The Victor Wembanyama factor that delivered Knicks rare NBA lottery win

· New York Post

You don’t always have to actually win the NBA lottery to look back at past lotteries and realize it could have been worse. The poor Nets toppling to the No. 6 pick after tanking two years is a reminder of how inexact a strategy that was even before the league has begun to try to make the lottery a squarer deal.

The Knicks, after all, spent a lot of the past quarter century hoping to hit jackpots — and they busted out every single time. The Knicks quite famously won the 1985 lottery that gifted them Patrick Ewing, after a season in which they lost 58 games but were only the fourth-worst of the seven teams who didn’t make the playoffs. In an equal-weighted draft in which every team had a 14.3 percent chance to win, they moved up from No. 4 to No. 1.
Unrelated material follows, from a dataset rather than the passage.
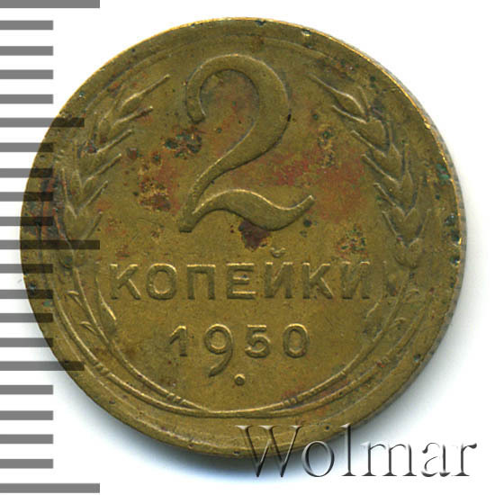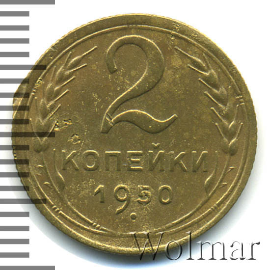 2 копейки 1950 – монета регулярного чекана, образца 1948 – 1957 годов. О приемлемой цене можно говорить только в сохранности UNC.

Since then, they’ve been in the lottery 20 times.

They’ve moved up as a result of the lottery exactly zero times. Most recently, the 2019 lottery only let them go to No. 3 (where they dropped from No. 1). That meant that instead of Zion Williamson or Ja Morant, they wound up with RJ Barrett. Now, if you held a redraft based on what they’ve all done as pros, Barrett might well go first (especially if you’re allowed to sub OG Anunoby, for whom Barrett was later traded). So that’s one way a lottery loss can retroactively feel like a lottery win.